As a special deal, I could look at the data and give them the names of apps that were memory leakers and CPU runaways. I was using a bit of probability, but any Windows app that consumed all 4Gby of memory was either a database server or had a memory leak. If the admin checked memory usage after the next schedule reboot, they could tell quickly (low memory after boot on a high memory consuming server meant memory leak). The CPU looper was more speculative, but very few x86 servers actually needed their CPU capacity - most apps were (literally) 1% utilization or less.
As a result, the IBM salespeople presented the customer with highly detailed recommendations that could ben supported with data. Recommendations that were tailored to the customer's actual needs. Far better than one-size-fits-all from the other vendors.
Customers loved CDAT. They would often quickly agree to a prototype - buy 5-10 servers from IBM xSeries and apply part of the consolidation plan using virtualization. If this worked, the customer was positioned to buy more servers from IBM, ultimately replacing their server hardware.
In the first year of CDAT use, IBM xSeries used it to secure about $10M in business. The second year, $20M, and the third year, $40M. Pretty good. So good, that CDAT was eventually expanded to cover pSeries AIX systems for server consolidation. the
I have two regrets coming out of the experience. I mentioned my poor choice of names above, and that is big. Names like "Watson" or "BlueSphere" resonate with people. The other regret is that I did not push and advocate CDAT as much as I should have. My attidude was, "yeah, theis is cool, but it was pretty easy." Bad answer. The customers loved it, and I should have pushed hard to increase the exposure (within IBM) and add features. My team could have been seen as the core of a $50M/year business. Instead, we were neglected. In retrospect, a missed opportunity on a large scale. Not smart.
So that is the story of CDAT.
Here is a Computerworld article from 2007 that describes CDAT for public consumption. As I left in 2005, CDAT outlived me by years.

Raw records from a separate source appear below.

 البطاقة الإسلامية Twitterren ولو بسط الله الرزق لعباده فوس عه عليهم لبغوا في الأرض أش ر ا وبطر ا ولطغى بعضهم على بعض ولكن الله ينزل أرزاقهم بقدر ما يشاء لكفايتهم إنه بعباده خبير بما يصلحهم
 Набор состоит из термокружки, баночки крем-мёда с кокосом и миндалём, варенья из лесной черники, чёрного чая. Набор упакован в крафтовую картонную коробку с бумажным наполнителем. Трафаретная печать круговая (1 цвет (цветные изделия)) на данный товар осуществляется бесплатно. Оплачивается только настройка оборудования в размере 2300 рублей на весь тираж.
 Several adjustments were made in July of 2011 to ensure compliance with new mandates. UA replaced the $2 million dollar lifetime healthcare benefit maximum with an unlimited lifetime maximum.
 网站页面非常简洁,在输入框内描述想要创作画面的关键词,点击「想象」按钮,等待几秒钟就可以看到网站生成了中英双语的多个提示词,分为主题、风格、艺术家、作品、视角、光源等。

https://www2.computerworld.co.nz/article/497013/ibm_takes_server_consolidation_tool_smbs/
Dated November 2007, the article reports in part:
IBM takes server consolidation tool to SMBs
IBM has just launched an analysis tool that it believes will help businesses find under-utilised x86 servers that could profitably be consolidated.
The vendor believes that server consolidation using virtualisation technology can save up to 60% in IT costs while quadrupling computing utilisation.

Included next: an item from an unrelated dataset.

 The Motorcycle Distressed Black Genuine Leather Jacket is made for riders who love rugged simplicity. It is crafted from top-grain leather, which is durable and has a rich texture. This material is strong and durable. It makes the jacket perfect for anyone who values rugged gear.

Big Blue has expanded its Consolidation Discovery and Analysis Tool (CDAT) to allow IBM resellers and integrators to evaluate smaller environments of 50 servers or fewer. IBM says it is also providing an additional end-user service, Server Consolidation Factory, at US$500 (NZ$655) per 50 servers, which it claims is "up to five times less expensive than competitive services".
As an example, IBM integrator Mainline Information Systems performed a successful CDAT evaluation for a 575-employee client, Frankenmuth Mutual Insurance Company, a US-based property and casualty insurer, which has since virtualised its server farm.